=== Given data ===

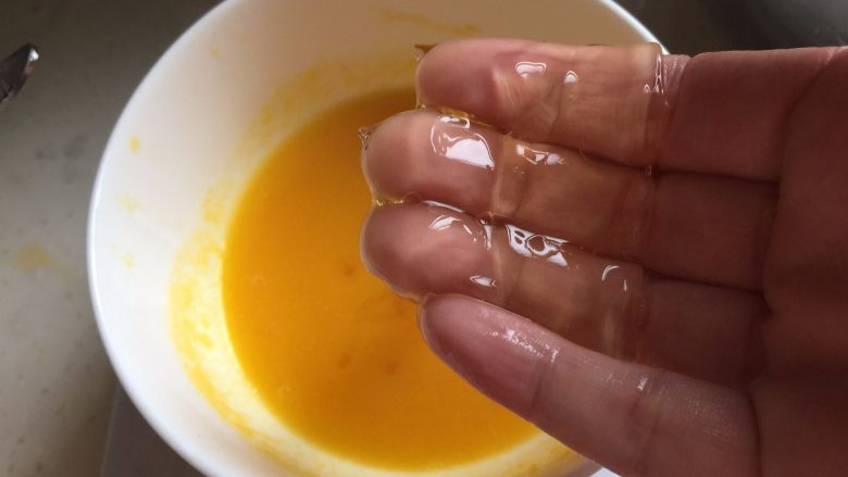 9. 取60芒果果泥加温后加入1片泡软的吉利丁片搅匀
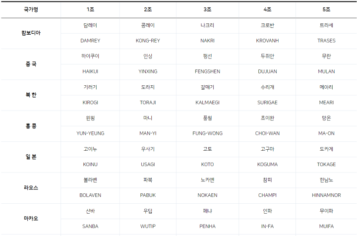 태풍 이름은 각 국가별로 10개씩 제출한 총 140개가 각 조 28개씩 5개조로 구성되고, 1조부터 5조까지 순차적으로 사용한다. 140개를 모두 사용하고 나면 1번부터 다시 사용한다. 태풍이 보통 연간 약 25개 정도 발생하므로 전체의 이름이 다 사용되려면 약 4∼5년이 소요된다. 태풍위원회 회원국에는 북한도 포함되어 있어 한글로 된 태풍 이름은 20개이다.
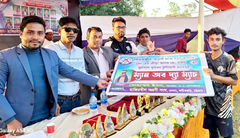 বিপুল উৎসাহ-উদ্দীপনা এবং জাঁকজমকপূর্ণ আয়োজনের মধ্য দিয়ে উদ্বোধন হল ফটিকছড়ি উপজেলার লেলাং ইউনিয়নের শাহনগর ‘হাজিরখীল অগ্রণী সংঘ ফুটসাল ফুটবল টুর্নামেন্ট-২০২৬-এর।
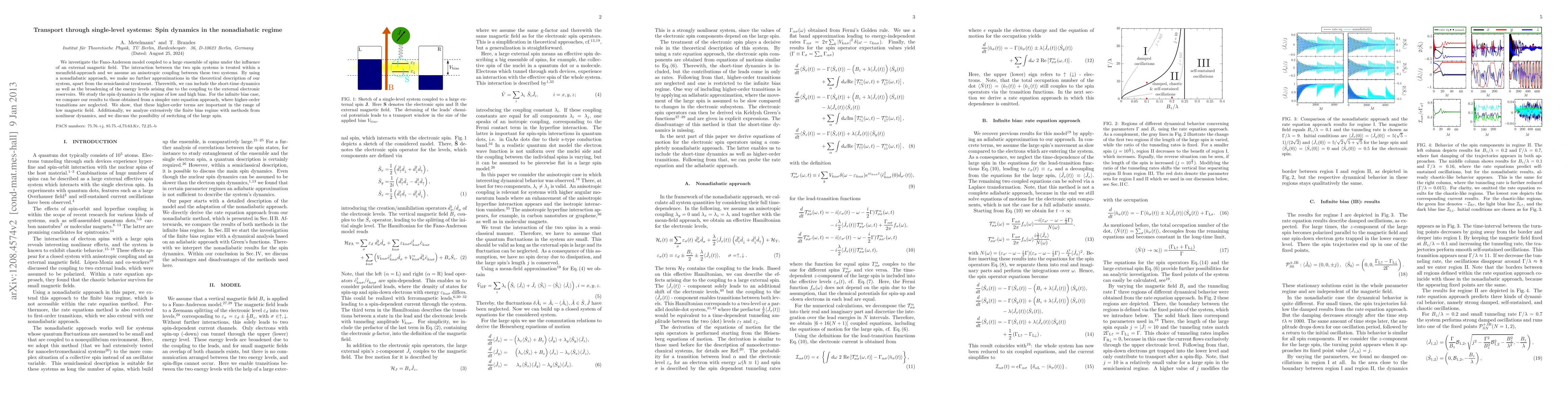 We investigate the Fano-Anderson model coupled to a large ensemble of spins under the influence of an external magnetic field. The interaction between the two spin systems is treated within a meanfield-approach and we assume an anisotropic coupling between these two systems. By using a nonadiabatic approach, we make no further approximations in the theoretical description of our system, apart from the semiclassical treatment. Therewith, we can include the short-time dynamics as well as the broadening of the energy levels arising due to the coupling to the external electronic reservoirs. We study the spin dynamics in the regime of low and high bias. For the infinite bias case, we compare our results to those obtained from a simpler rate equation approach, where higher-order transitions are neglected. We show, that these higher-order terms are important in the range of low magnetic field. Additionally, we analyze extensively the finite bias regime with methods from nonlinear dynamics, and we discuss the possibility of switching of the large spin.
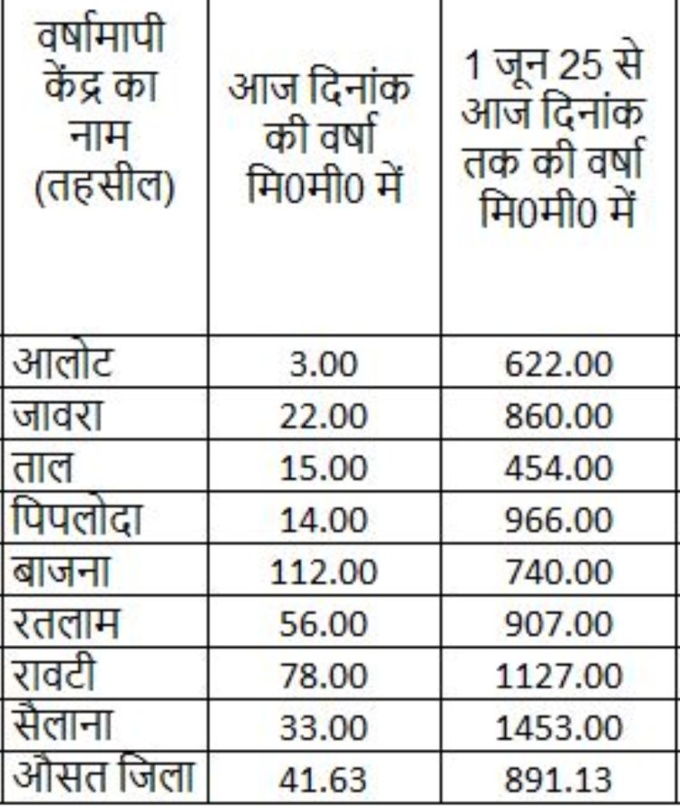 गजानन गणपति स्थापना महोत्सव के पहले दिन ही इंद्र देवता की मेहरबानी के चलते जिला तर बतर हो गया। सर्वाधिक बारिश बजाना में 112 मिनी हुई वही सबसे कम 3 मिमी आलोट में दर्ज की गई। वर्तमान मानसून सत्र में जिले में अब तक 891 मिमी औसत बारिश दर्ज की गई है। जो कि 34 इंच से अधिक है।

===

What you are asked to do: The records above should be written out exactly, and the images dropped.

Response below:
 9. 取60芒果果泥加温后加入1片泡软的吉利丁片搅匀
 태풍 이름은 각 국가별로 10개씩 제출한 총 140개가 각 조 28개씩 5개조로 구성되고, 1조부터 5조까지 순차적으로 사용한다. 140개를 모두 사용하고 나면 1번부터 다시 사용한다. 태풍이 보통 연간 약 25개 정도 발생하므로 전체의 이름이 다 사용되려면 약 4∼5년이 소요된다. 태풍위원회 회원국에는 북한도 포함되어 있어 한글로 된 태풍 이름은 20개이다.
 বিপুল উৎসাহ-উদ্দীপনা এবং জাঁকজমকপূর্ণ আয়োজনের মধ্য দিয়ে উদ্বোধন হল ফটিকছড়ি উপজেলার লেলাং ইউনিয়নের শাহনগর ‘হাজিরখীল অগ্রণী সংঘ ফুটসাল ফুটবল টুর্নামেন্ট-২০২৬-এর।
 We investigate the Fano-Anderson model coupled to a large ensemble of spins under the influence of an external magnetic field. The interaction between the two spin systems is treated within a meanfield-approach and we assume an anisotropic coupling between these two systems. By using a nonadiabatic approach, we make no further approximations in the theoretical description of our system, apart from the semiclassical treatment. Therewith, we can include the short-time dynamics as well as the broadening of the energy levels arising due to the coupling to the external electronic reservoirs. We study the spin dynamics in the regime of low and high bias. For the infinite bias case, we compare our results to those obtained from a simpler rate equation approach, where higher-order transitions are neglected. We show, that these higher-order terms are important in the range of low magnetic field. Additionally, we analyze extensively the finite bias regime with methods from nonlinear dynamics, and we discuss the possibility of switching of the large spin.
 गजानन गणपति स्थापना महोत्सव के पहले दिन ही इंद्र देवता की मेहरबानी के चलते जिला तर बतर हो गया। सर्वाधिक बारिश बजाना में 112 मिनी हुई वही सबसे कम 3 मिमी आलोट में दर्ज की गई। वर्तमान मानसून सत्र में जिले में अब तक 891 मिमी औसत बारिश दर्ज की गई है। जो कि 34 इंच से अधिक है।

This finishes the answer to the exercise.